* **Provided material**
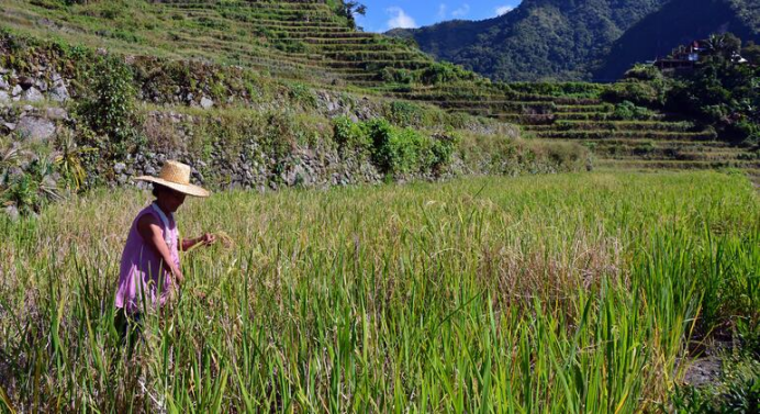 A woman farmer tends to her paddy field in the Batad region of the Philippines. ESCAP/Jophel Botero Ybiosa
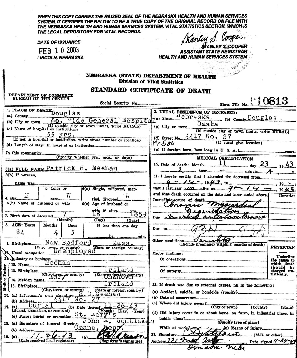 Meehan, Patrick Henry, Death Certificate, 23 Nov 1943
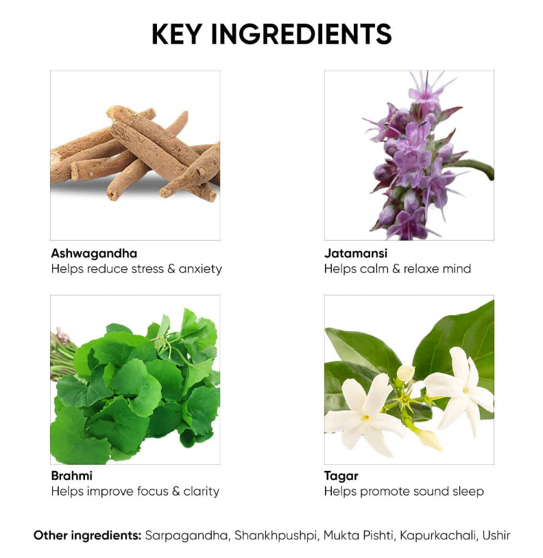 • Contains natural herbs like Ashwagandha, Jatamansi, Brahmi, and Tagar.
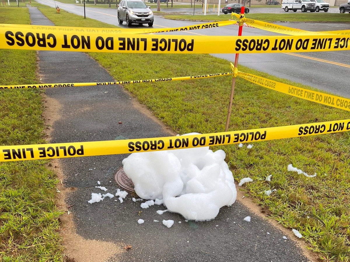 Officials say a fire suppression system malfunctioned, discharging 1,600 gallons of firefighting foam concentrate – 4 to 5 feet deep in some places – at the former Naval Air Station.
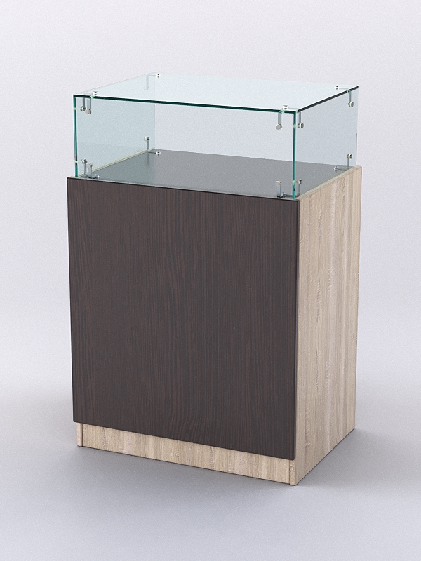 Каркас прилавка выполнен из ЛДСП. Корпус витрины — стеклянный.
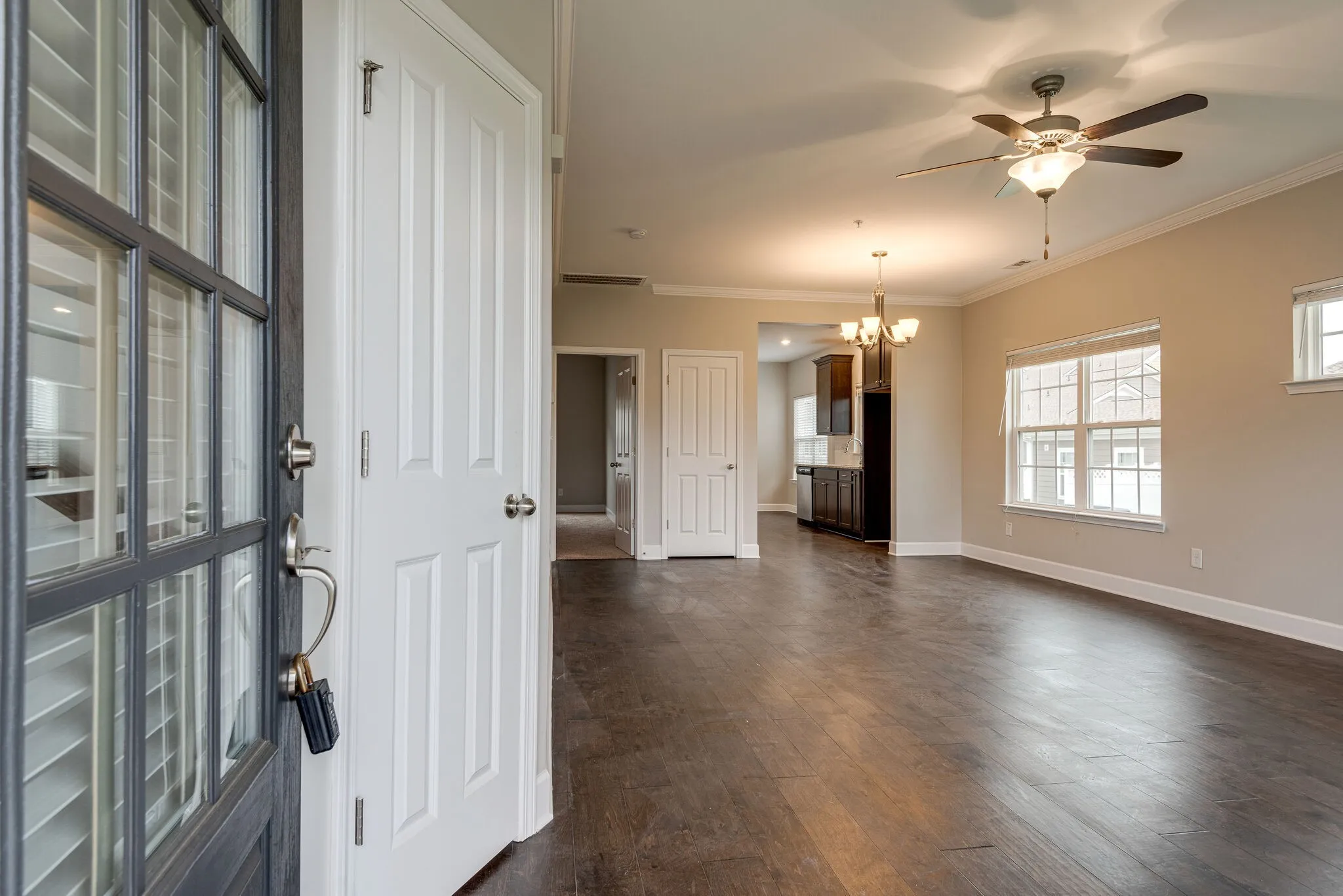 Impeccable Corner Unit. 3 Bedrooms, 3 Baths, 2 Car Garage Townhome Loaded with upgrades, Open Floor Plan with lots of Natural Light, Fresh Paint, Better than NEW, Master Suite Down, 2 Br up w/ Loft for play area or office! Fenced Courtyard and much more!. Convenient Location, Minutes from Shopping, Groceries and Restaurants Easy access to I-65 and I-840. Luxurious Kitchen with Granite and backsplash, stainless appliances, Modern low maintenance flooring. Rent includes HOA fees
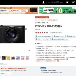 レンズ一体型コンパクトカメラの最上位機種「RX1R III」(DSC-RX1RM3)、および純正アクセサリーのソニーストア納期情報が更新。

* **What you have to do**
Would you give again, exactly as written, the lines from the one containing "Каркас прилавка выполнен" through the end of the records, with no pictures and no other lines?

* **Completed task**
 Каркас прилавка выполнен из ЛДСП. Корпус витрины — стеклянный.
 Impeccable Corner Unit. 3 Bedrooms, 3 Baths, 2 Car Garage Townhome Loaded with upgrades, Open Floor Plan with lots of Natural Light, Fresh Paint, Better than NEW, Master Suite Down, 2 Br up w/ Loft for play area or office! Fenced Courtyard and much more!. Convenient Location, Minutes from Shopping, Groceries and Restaurants Easy access to I-65 and I-840. Luxurious Kitchen with Granite and backsplash, stainless appliances, Modern low maintenance flooring. Rent includes HOA fees
 レンズ一体型コンパクトカメラの最上位機種「RX1R III」(DSC-RX1RM3)、および純正アクセサリーのソニーストア納期情報が更新。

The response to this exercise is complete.